Há democracia e há Democracia: em 2011, a Câmara de Cascais pegou em 1,5 milhões de euros e perguntou aos munícipes onde eles queriam gastar o dinheiro.
Isto sem lhes dar opções à partida: os habitantes do concelho teriam de pensar em alguma coisa que ajudasse a melhorar a vida na sua zona, estruturar a ideia e apresentá-la em reuniões organizadas para o efeito. O limite era a imaginação (e 300 mil euros o valor máximo a que cada proposta poderia almejar).
Ao contrário do que costuma acontecer nas eleições, a sociedade civil respondeu à chamada. De repente, a câmara tinha em discussão 286 projetos, apresentados por mais de meio milhar de pessoas. E a qualidade acompanhava a quantidade: havia tantas boas ideias que o concelho decidiu aumentar a parada, aumentando a verba de 1,5 milhões de euros para 2,1 milhões, de modo a financiar mais propostas. Após uma triagem técnica, 30 ideias seguiram para referendo; quase sete mil votos mais tarde, feitos no site da autarquia, estavam encontrados os 12 vencedores. A câmara decidiu repetir a experiência este ano e torná-la permanente.

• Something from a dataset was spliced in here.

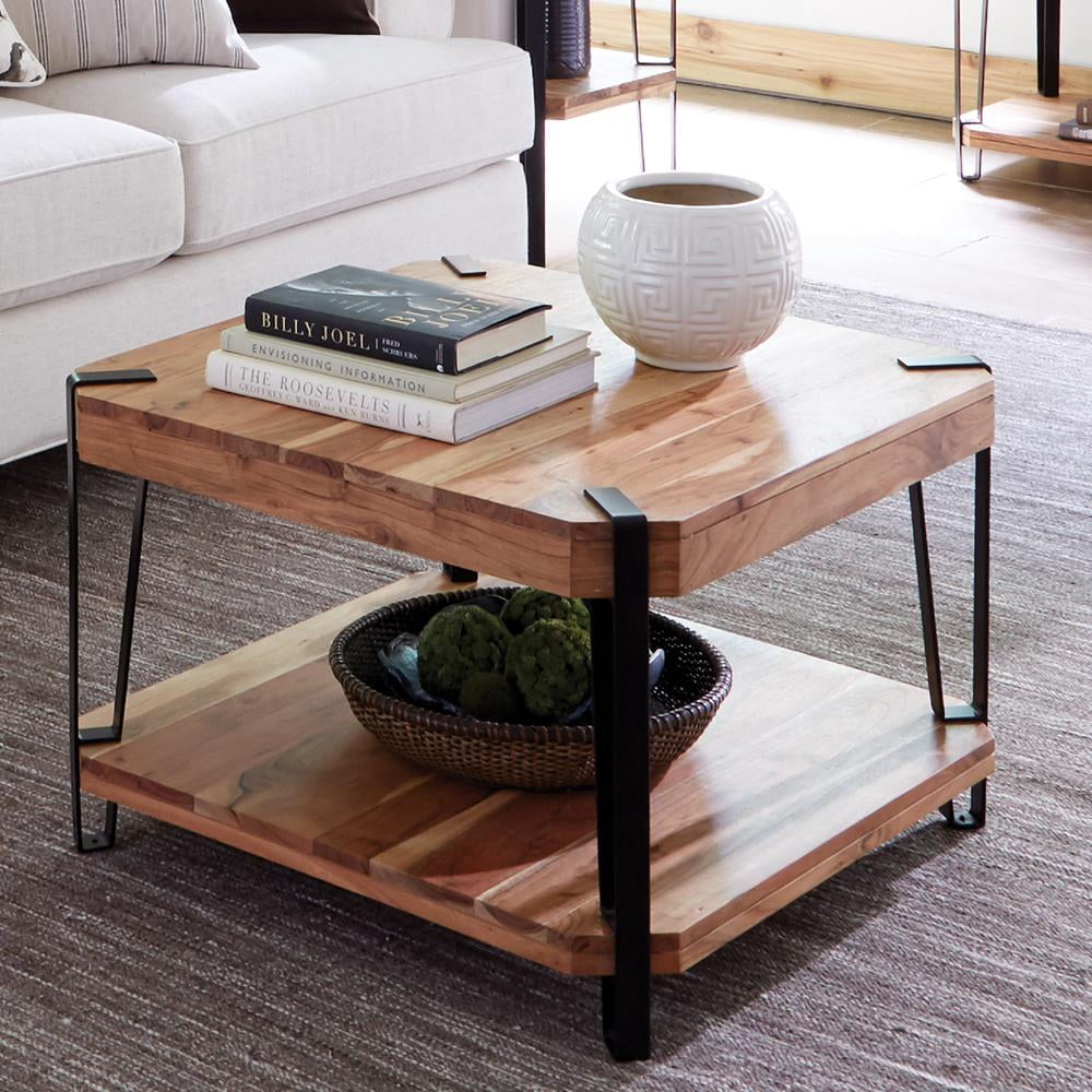 Ryegate Natural Solid Wood with Metal Cube Coffee Table

O orçamento participativo, em que os cidadãos determinam diretamente em que se gasta parte das verbas públicas, surgiu pela primeira vez na cidade brasileira de Porto Alegre, em 1989. Depois, espalhou-se pelo mundo. Há hoje duas mil vilas ou cidades a pôr a decisão nas mãos dos seus habitantes. Em Portugal, são 25 os concelhos com este mecanismo. Cascais é o que disponibiliza, per capita, a maior fatia do dinheiro municipal.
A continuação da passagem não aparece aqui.